The widely used interpretation method for NMR relaxometry is the NMR T ₂ distribution. There are three NMR relaxation mechanisms that influence T ₂ relaxation times: grain surface relaxation, relaxation by molecular diffusion in magnetic field gradients and relaxation by bulk fluid process [16–19]. In the fast diffusion limit, the relaxation time T ₂ of hydrogen nuclei in the fluids in porous media, can be expressed as:

$$\frac{1}{{T_{2} }} = \frac{1}{{T_{{2{\text{B}}}} }} + \frac{1}{{T_{{2{\text{S}}}} }} + \frac{1}{{T_{{2{\text{D}}}} }} = \frac{1}{{T_{{2{\text{B}}}} }} + \rho \left( {\frac{S}{V}} \right)_{\text{pore}} + \frac{{D\left( {\gamma GT_{E} } \right)^{2} }}{12}$$

(1)

where T _2B is the bulk relaxation time, T _2S is the surface relaxation time, and T _2D is the diffusion-induced relaxation time. In the expressions for T _2S and T _2D on the right hand side, ρ ₂ is the surface relaxivity, S/V is the surface-to-volume radio of the pore space, D is the diffusion coefficient of pore fluids, γ is the gyromagnetic ratio of a proton, G is the internal magnetic field gradient, and T _E is the inter-echo spacing time.

Grain surface relaxation-Molecules in fluids are in constant motion-Brownian motion-and diffuse about a pore space, hitting the grain surface several times during one NMR measurements. Researchers have shown that in most rocks, grain-surface relaxation is the most important influence on T ₂. However, rocks with a high content of iron or other magnetic minerals have larger than usual values of ρ ₂, hence, shorter NMR relaxation times and T ₂ peak value shifts towards shorter relaxation time. Pore size also plays an important role in surface relaxation. The speed of relaxation depends on how frequently protons can collide with the surface and this depends on the surface-to-volume ratio (S/V) [18, 19].

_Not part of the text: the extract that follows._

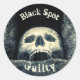 Caveira branca contra fundo preto ou escuro. O texto Black Spot acima do crânio. O texto Culpado sob a imagem. Um tipo de grande adesivo redondo personalizável. Você pode alterar a imagem e pode alterar ou excluir dois textos de modelo. Sinta-se livre para usar o botão Personalizar para ajustar o produto às suas necessidades, você pode alterar a cor da imagem alterando a opção Filtro, por exemplo. Piratas foram apresentados com um Black Spot para pronunciar oficialmente algum veredicto. Divirta-se e feliz Dia das Bruxas.

It has been all accepted that NMR T ₂ distribution represents the pore size distribution of a rock sample when (a) the pore space is fully water-saturated, (b) short T _E in the Carr-Purcell-Meiboom-Gill (CPMG) pulse sequence is used, and (c) all the pore surface has a uniform surface relaxivity value of ρ ₂. Under these conditions the relaxation process is dominated by the surface relaxation mechanism, and the surface relaxation time, T ₂, can be considered as directly proportional to the pore size, given by [10]:

$$\frac{1}{{T_{2} }} = \rho_{2} \left( {\frac{S}{V}} \right)_{\text{pore}} \propto \left( {\frac{1}{d}} \right)_{\text{pore}}$$

(2)

where d is the diameter of the pores. However, to validate the equation, another assumption must be made: all the pores are similar in geometry (i.e. they all have similar surface-to-volume ratios). The surface-to-volume ratios of spherical pores and cylinder pores are given by:

$$\left( {\frac{S}{V}} \right)_{\text{sphere}} = \left( {\frac{6}{d}} \right)_{\text{sphere}}$$

(3)

and

$$\left( {\frac{S}{V}} \right)_{\text{cylinder}} = \left( {\frac{4}{d}} \right)_{\text{cylinder}}$$

(4)

If we consider the NMR relaxation response of a single water-filled pore, the transverse magnetization signal is described by an exponential decay [20]:

$$M\left( t \right) = \varphi {\text{e}}^{{ - t/T_{2} }}$$

(5)

where the initial signal amplitude φ is proportional to the number of hydrogen nuclei (directly related to the pore volume). In a rock or sediment with a distribution of pore types, it’s conventionally assumed that each pore contributes to the NMR signal in isolation and the observed signal is modeled as multi-exponential decay:

$$M\left( t \right) = \sum\limits_{i}^{n} {\varphi_{i} {\text{e}}^{{ - t/T_{2i} }} }$$

(6)

where the amplitude of φ _i is proportional to the volume of water-filled porosity associated with a corresponding relaxation time T _2i . Using this model of isolated pores, the M(t) data are inverted to obtain a T ₂ distribution by conjugate gradient (CG) method (Appendix 1), which is scaled according to Eq. (2) to estimate a pore-size distribution assuming uniform surface relaxivity and a simple pore shape (spherical pores or cylinder pores).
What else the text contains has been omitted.